For my additional blog post I have decided to expand on my teaching pedagogy. My teaching pedagogy aligns closely with Paulo Freire, meaning that I view teaching as an ethical practice where I value the respectful exchange of ideas and opinions while also being mindful of the power I have in the classroom (Freire, 1998). An article by Terry McGlynn tilted “Are You Teaching Content, Or Just Covering Material?” caught my attention because I believe we have an ethical responsibility as educators to encourage critical thinking. With this in mind, McGlynn (2020) argues that covering material is akin to students’ having a breadth of knowledge, but not having the depth of concepts to truly articulate what they learned. This lack of depth also hinders a student’s ability to think critically because they have been restricted to a surface-level understanding of the content. When one “covers material” they are just talking about the topics, but if one “teaches content” they are giving students an opportunity to think critically and deepen their knowledge on a smaller number of topics.
McGlynn (2020) goes on to provide scenarios which promote genuine learning among students. For example, one scenario discusses the utility of having small groups work together to solve a single problem related to a particular theory/concept. In that same amount of time teachers can cover multiple concepts that students barely grasp. When the learning environment is superficial, then we as teachers have failed students miserably. I think this is why we see low attendance in synchronous classes as the weeks go on because students pick up on our teaching styles. Therefore, when things get stressful, humans get practical. Students may then rationalize skipping a class only to catch up on the lecture slides later. This process completely negates the purpose of having synchronous instruction. This also gives false security to students because they may not see a difference in these two types of learning. This isn’t to say that students may not learn just as well, or more, asynchronously — but when a class isn’t set up to be self-guided, moments for genuine learning are missed. I see this more as a cyclical process rather than a linear one because one’s decision to skip a lecture may be reinforced by an instructor’s teaching style.
As I reflect on the points made in this article, I compare my teaching pedagogy to my actual practice.

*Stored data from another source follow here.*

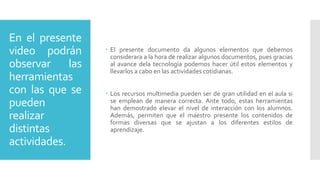 El documento presenta información sobre el uso de recursos multimedia y herramientas digitales en educación. Explica que estos recursos pueden elevar el nivel de interacción con los estudiantes y permitir que los maestros presenten contenidos de diferentes formas que se ajustan a estilos de aprendizaje. También proporciona ejemplos de elementos multimedia como videos, presentaciones, documentos de texto y publicaciones en redes sociales que se pueden incrustar en contenidos educativos.
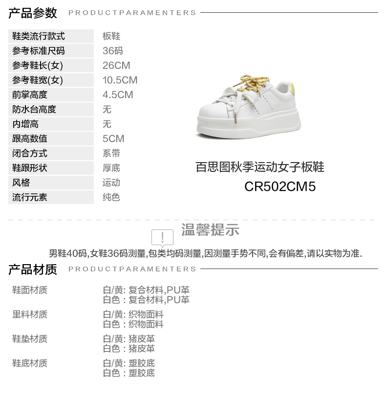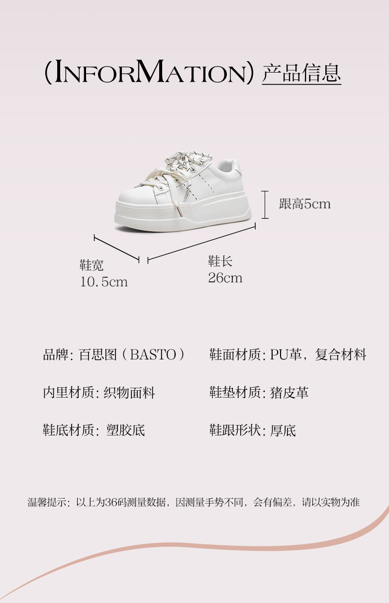 | 鞋跟形状:厚底 | 参考鞋长(女):26CM | 流行元素:纯色 | 参考鞋宽(女):10.5CM | 风格:运动 |
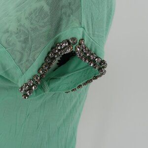 INC International Concepts Teal Semi Sheer T-Shirt Rhinestone Detail Sleeves XS
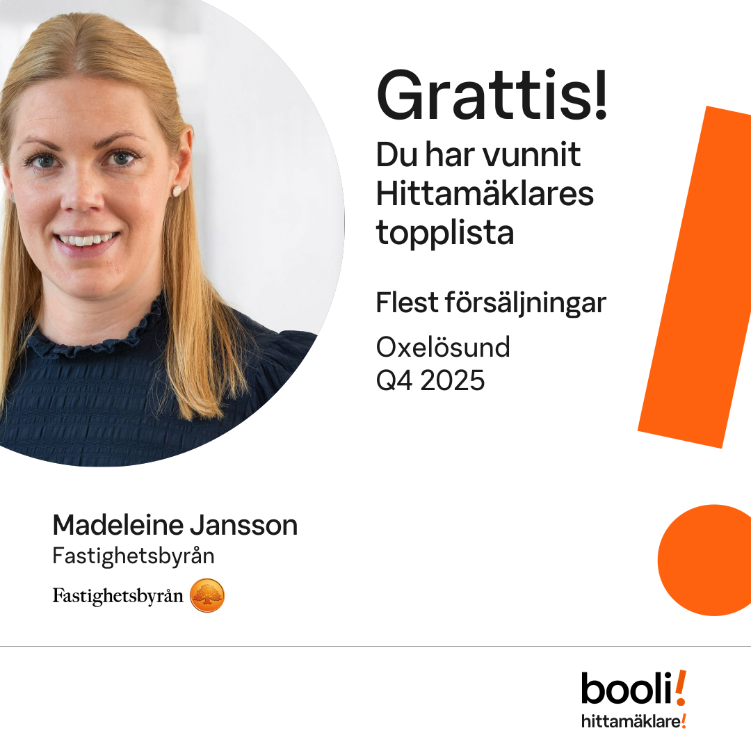 Statistik för publicerade bostäder, försäljningar och omdömen baseras på data från Booli. Statistiken för försäljningar avser inrapporterade och verifierade slutpriser från mäklare eller av Booli inhämtade och verifierade slutpriser. Statistiken för publicerade bostäder baseras på information som publicerats på Booli.se. Statistik för omdömen och rekommendationer baseras på omdömen från säljare som lämnats via Booli.
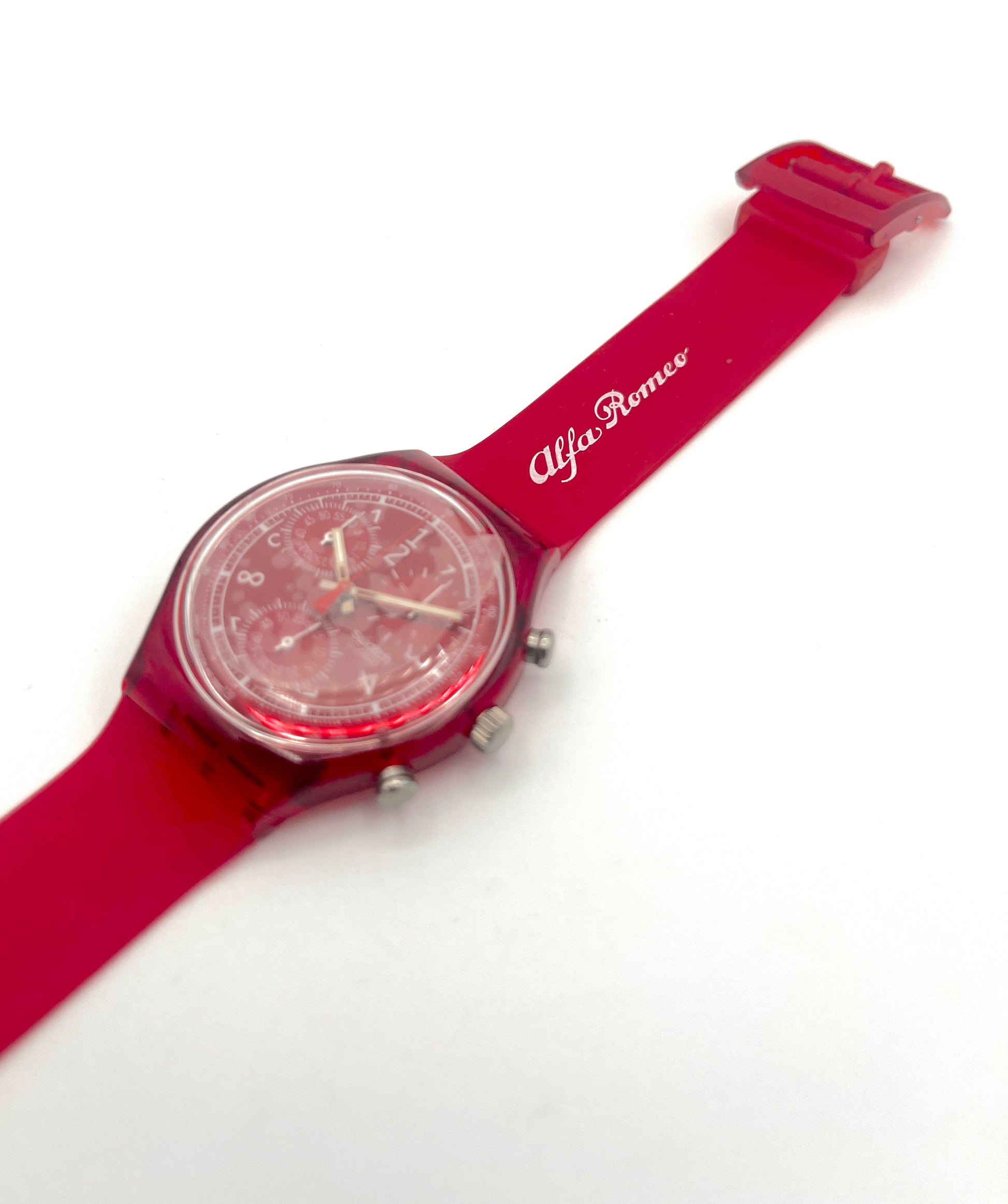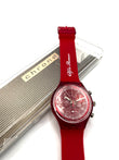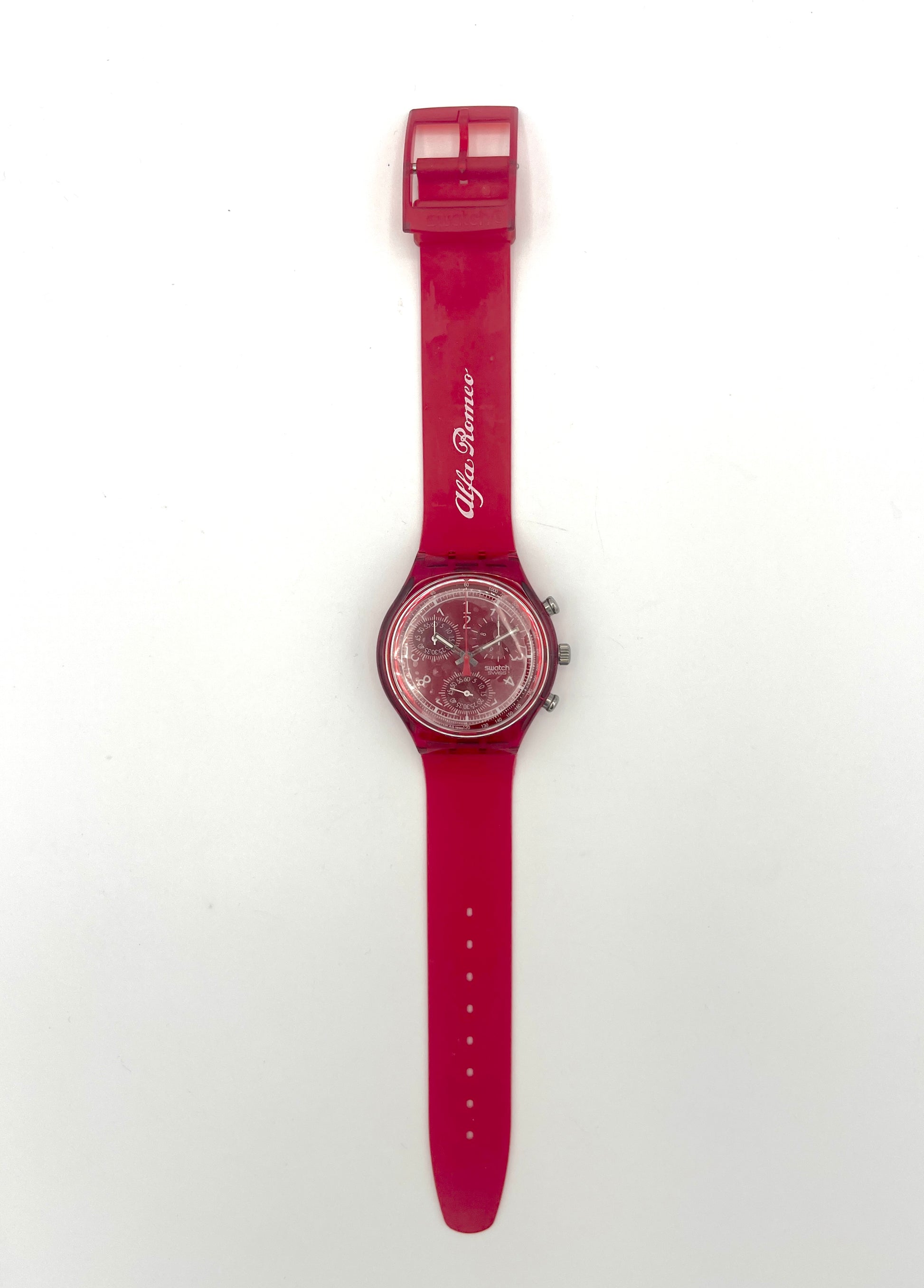 Rare Chrono from the '90s – The very rare Swatch Chrono LE ROUGE comes from Swatch's first Chrono series, which has been on sale since the 1990s. It is one of the very few Chronos that is completely red. The strap, watch case, and dial are all styled in this color. This SRC101C is even more special as it was produced as a promotional item for the Italian Car manufacturer ALFA ROMEO.
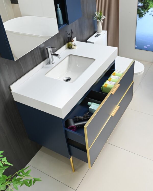 Gabinete grande con encimera de piedra ideal para proyectos residenciales premium.
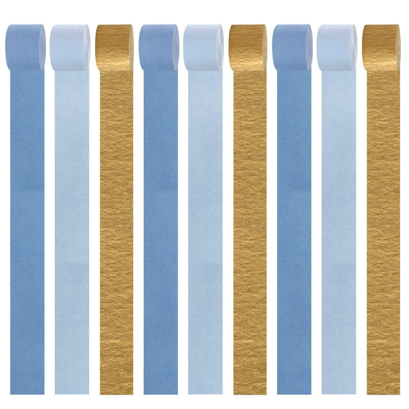 - 【Bright color】 Our crepe paper is available in 3 colors, 3 rolls per color: light blue,dusty blue,gold.There is plenty of each color to really get creative and have some fun.
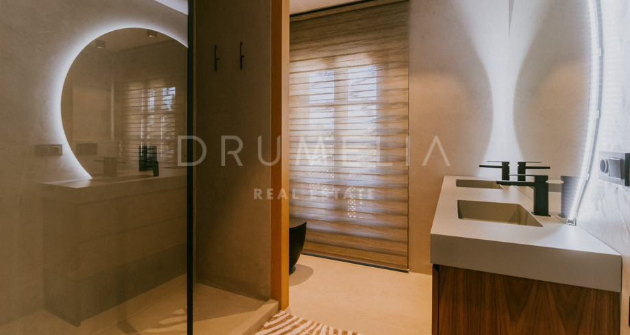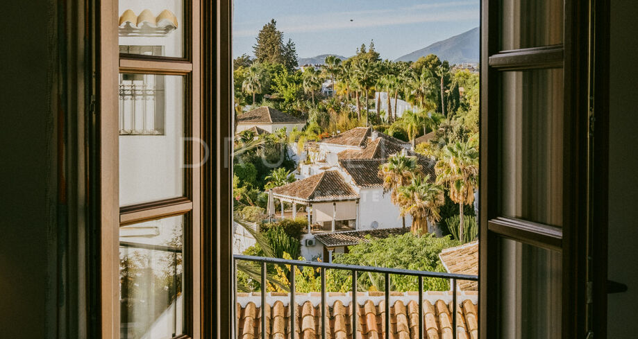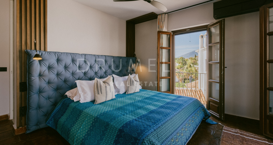 En la planta superior se conserva el suelo original, aportando carácter y autenticidad a la vivienda tras la reforma. La suite principal cuenta con un encantador balcón tipo Juliet con vistas agradables y un baño en suite cuidadosamente diseñado. Un segundo dormitorio también en suite dispone de una acogedora zona de estar, mientras que el tercer dormitorio, actualmente reconvertido, ofrece versatilidad como habitación de invitados, despacho o espacio de almacenamiento. Una propiedad reformada con sensibilidad, ideal para quienes buscan una vivienda con estilo atemporal y confort moderno en el corazón de Marbella.
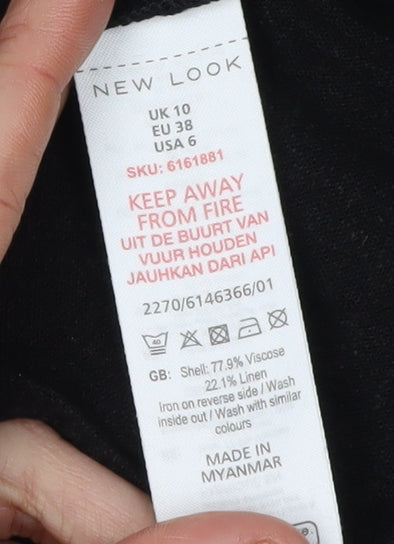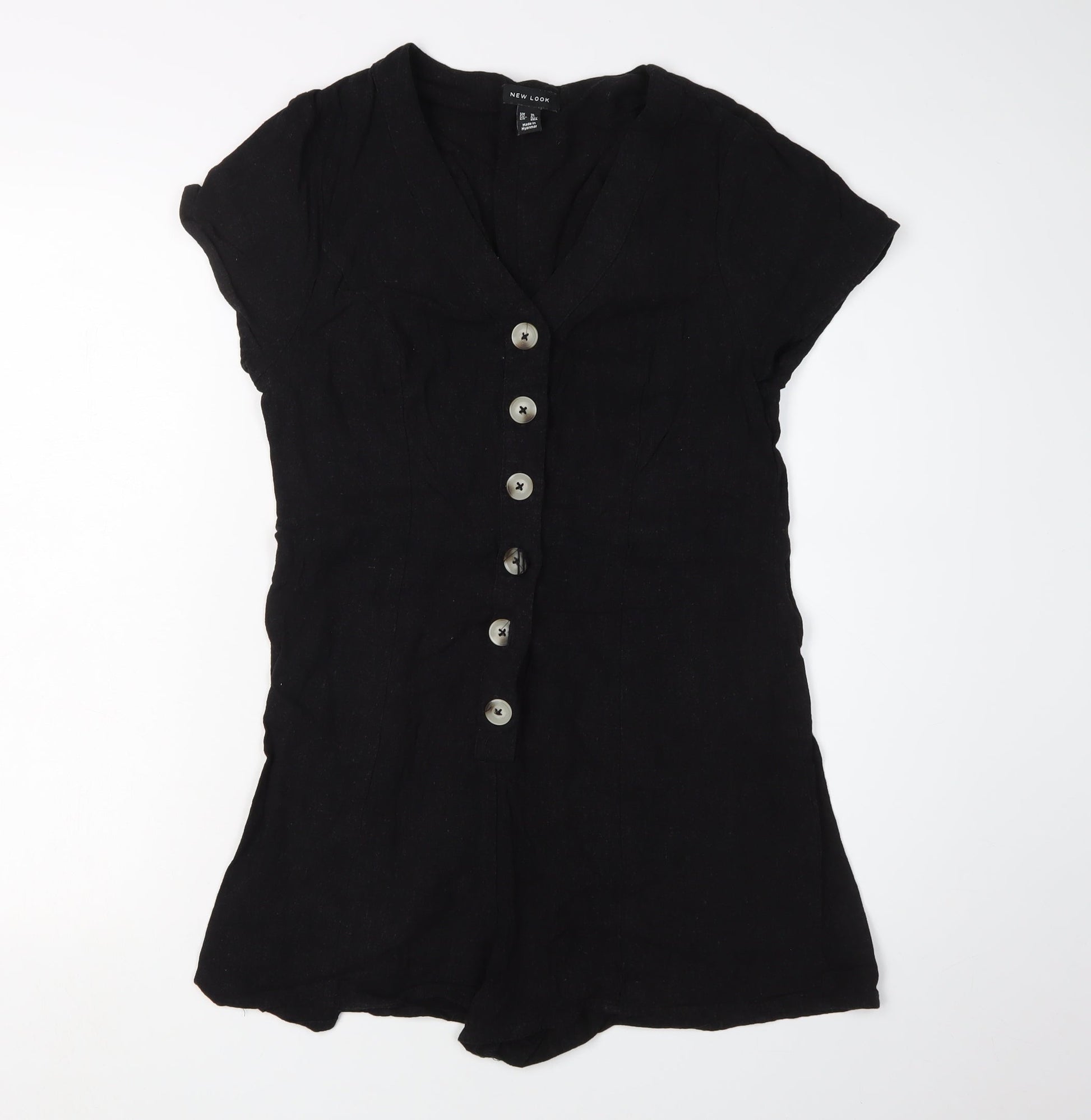New Look Women's Black Playsuit Size 10 Viscose Linen
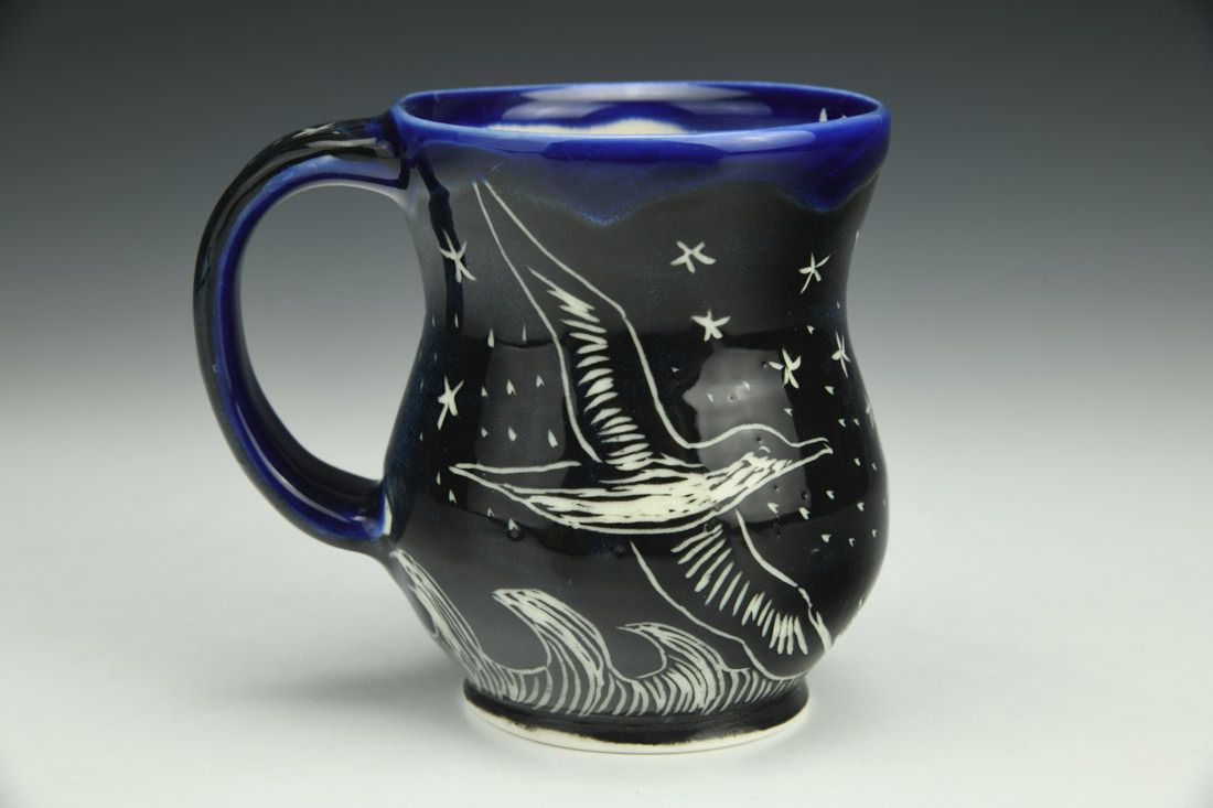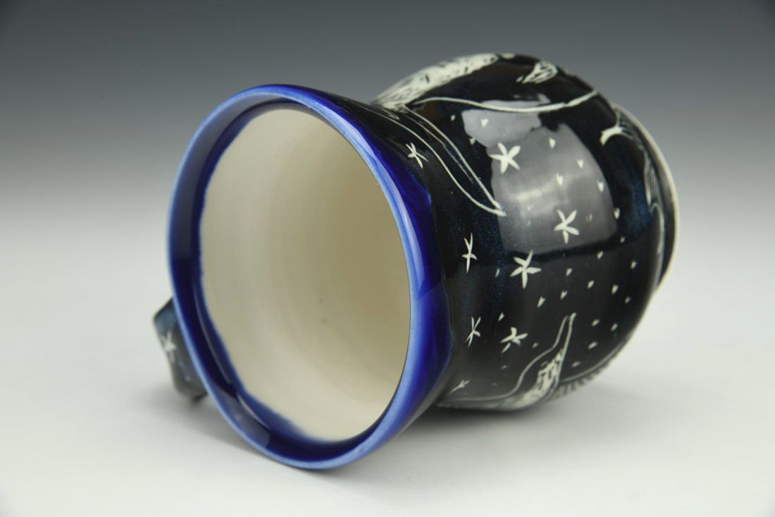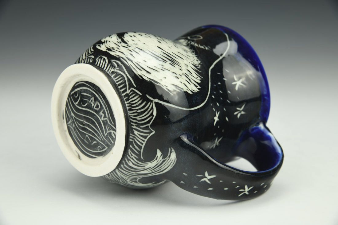 Porcelain, wheel thrown, cone 6 electric fired, 4.25 x 3.25 x 4.5 inches.

McGlynn (2020) makes a compelling point near the end of the article by suggesting that there are curriculum-bound constraints that make it impossible for educators to engage in this type of in-depth teaching approach. As a graduate teaching assistant, I find myself in this category because there is a certain percentage of content that must be covered in the course I teach. What isn’t clear, however, is how I go about this. As higher education becomes more intentional in accommodating student needs, especially during a pandemic, we may see rapid changes in how instruction is carried out. One solution could be to spread out the content between 2-3 courses, this way teachers and students don’t have to cram so much content into one semester. As someone who teaches human sexuality, I could definitely see students benefitting from a course like mine being a 2-part course. In this scenario, the fundamental concepts are covered in the first course, with the second course covering more advanced, in-depth concepts. One issue here is the potential for students to only take the first course, therefore, missing out on additional important topics covered in the second course.
Until administrators view learning as a process rather than an outcome, we will continue to have courses that apply a breadth framework, rather than one that promotes depth and genuine learning.